Chipotle Mexican Grill (NYSE: CMG) reaffirmed its full-year 2025 guidance on Jan. 12. The company announced several leadership changes, including the appointment of a new chief marketing officer.
The guidance calls for comparable restaurant sales to decline at a low single-digit rate in 2025. It also includes expectations for 315 to 345 new company-owned restaurant openings this year, with over 80% of those locations featuring a Chipotlane drive-thru pickup lane.
CEO Scott Boatwright said during the company's third-quarter earnings call that returning to mid-single-digit same-store sales growth in 2026 is possible. He noted the fourth quarter of 2025 and first quarter of 2026 could be challenging, with some easing of consumer pressures more likely to start in the second quarter.
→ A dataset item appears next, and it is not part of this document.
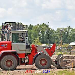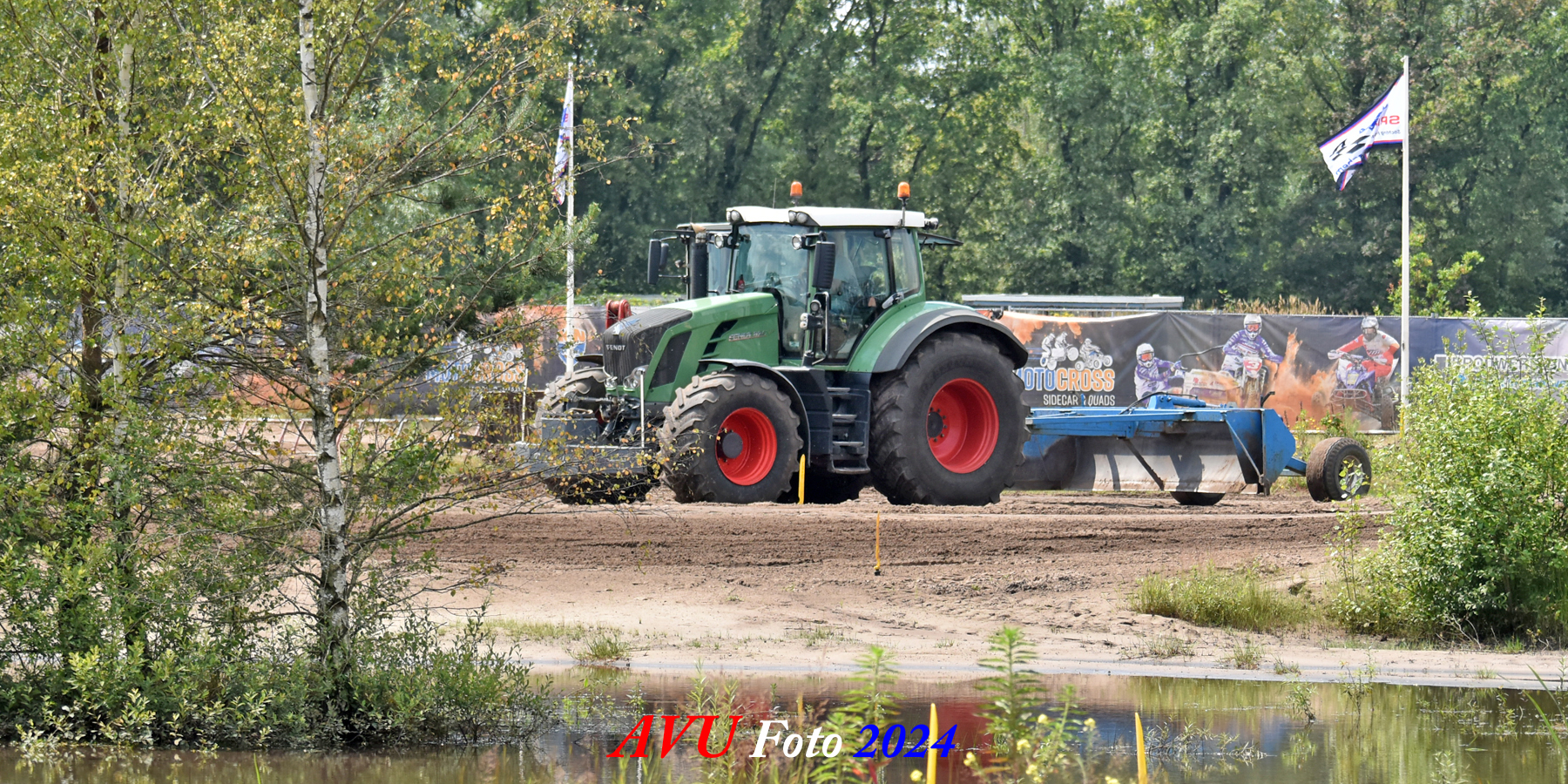 Deze Fendt 826 met kilverbord prepareerde het motorcrossterrein samen met de loader voor de volgende quad- en zijspanmanches.
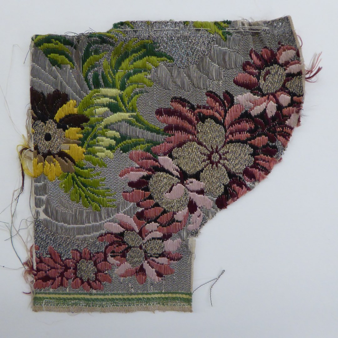 Brochéweefsel met veelkleurige en zilveren-gouden bloemen

In its press release, management stated it remains confident in its 2026 strategic plan. The company's stock fell about 39% in 2025 as same-store sales trends turned negative.
During the third quarter, comparable restaurant sales increased 0.3%, an improvement from a 4% decline in the second quarter. However, operating margin for the period was 15.9%, down from 16.9% a year earlier. Restaurant-level operating margin was 24.5%, down from 25.5%.
Boatwright noted in the third-quarter earnings release that the company continued to see persistent macroeconomic pressures. The company will report fourth-quarter results on Feb. 3.
The stock's current price-to-earnings ratio is 36. Its forward price-to-earnings ratio is 34.